● **WHAT YOU WILL DO**: Nothing but the lines from the one with "- Cream Handle" through the end of the listing should be reproduced, each exactly and with pictures omitted.

● **SOURCE MATERIAL**:
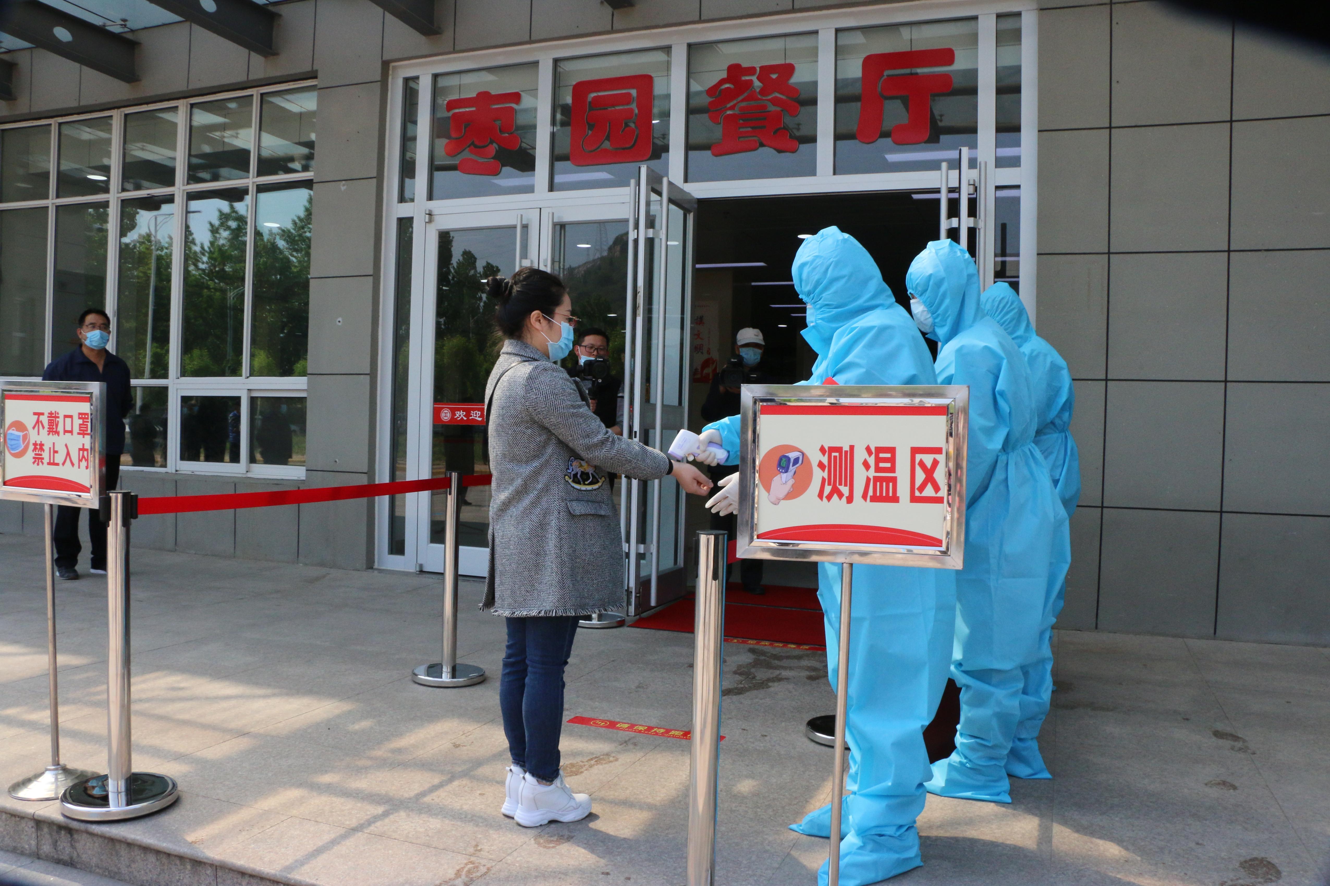 在“学生食堂错峰就餐应急演练”环节,三名体温监测员在门口分别负责测温、消毒工作,“学生”按照食堂门口“入口”指示进入食堂。在志愿者引导下,间隔两米有序排队打饭,“学生”取餐后单人单桌就餐。就餐完毕立刻按照食堂“出口”指示离开。志愿者现场监督提醒大家有序排队、少说话、不逗留。
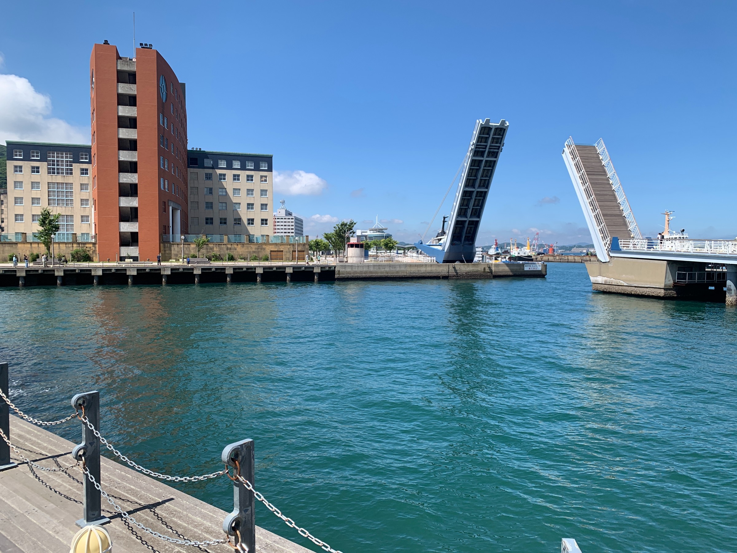 一時間のうち数十分だけ跳ね上がる橋。タイミングバッチリ!!
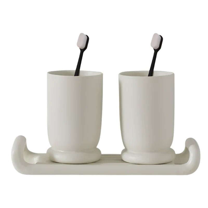 - Cream Handle Tray with Cream Toothbrush Cup x2
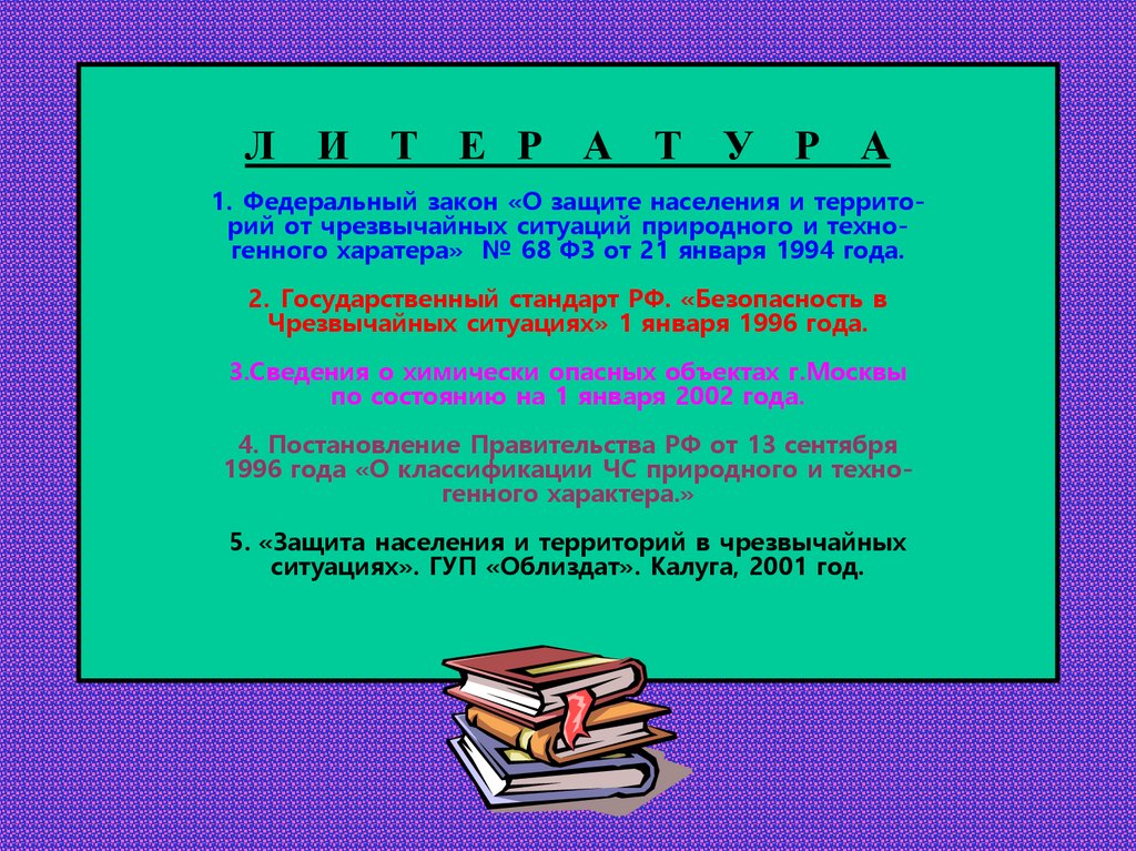 Л И Т Е Р А Т У Р А1. Федеральный закон «О защите населения и территорий от чрезвычайных ситуаций природного и техногенного харатера» № 68 ФЗ от 21 января 1994 года.
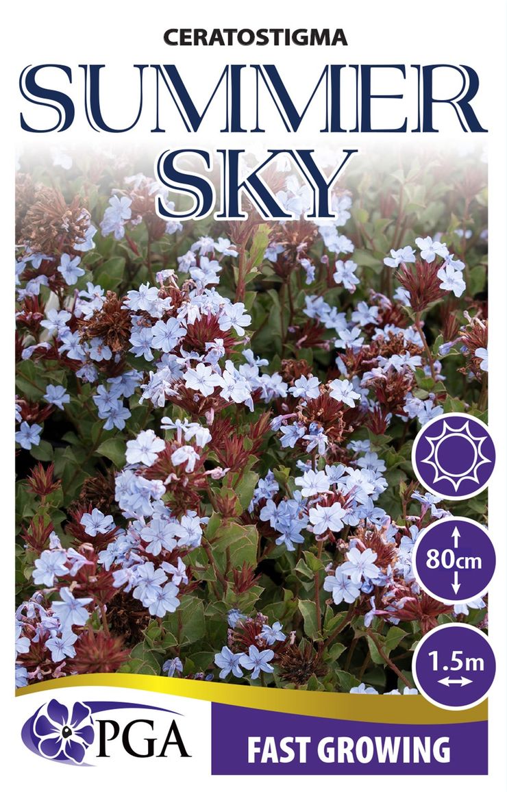 Botanical name Ceratostigma plumbaginoides Summer Sky
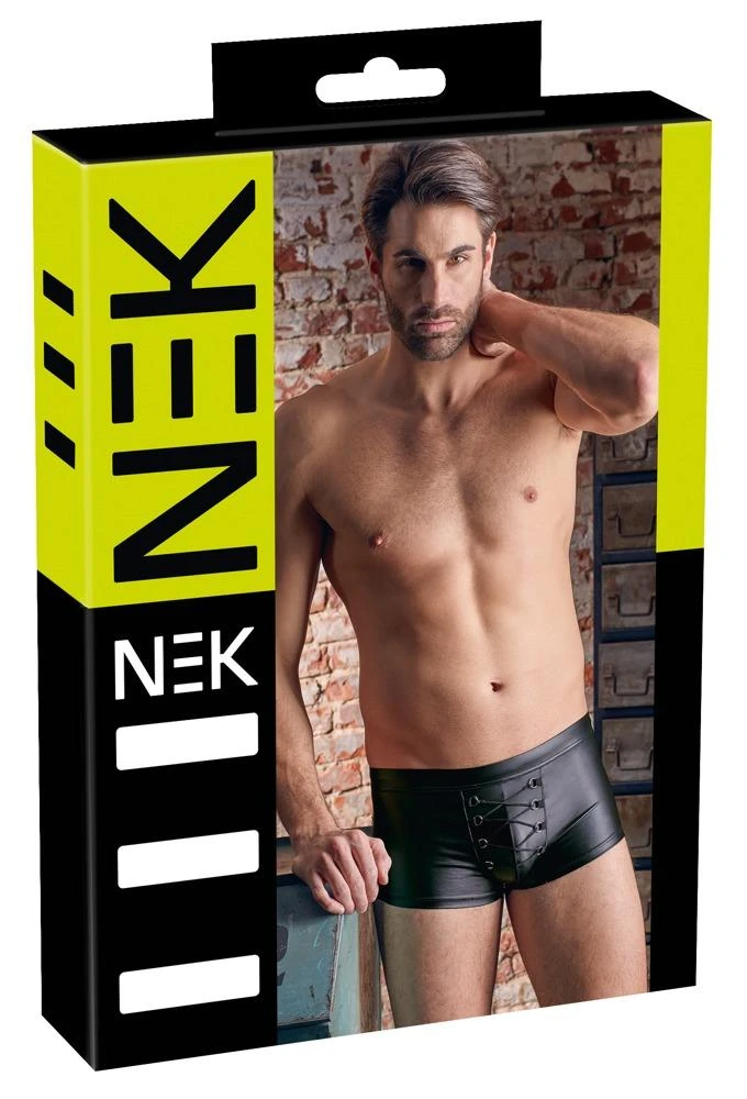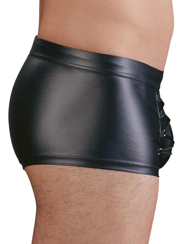 Striking male trend look! Classy, black pants in a stylish matte look with exciting lacing over the pouch. Fantastically elastic for a perfect fit and extremely comfortable to wear.

● **OUTPUT BELOW**:
 - Cream Handle Tray with Cream Toothbrush Cup x2
 Л И Т Е Р А Т У Р А1. Федеральный закон «О защите населения и территорий от чрезвычайных ситуаций природного и техногенного харатера» № 68 ФЗ от 21 января 1994 года.
 Botanical name Ceratostigma plumbaginoides Summer Sky
 Striking male trend look! Classy, black pants in a stylish matte look with exciting lacing over the pouch. Fantastically elastic for a perfect fit and extremely comfortable to wear.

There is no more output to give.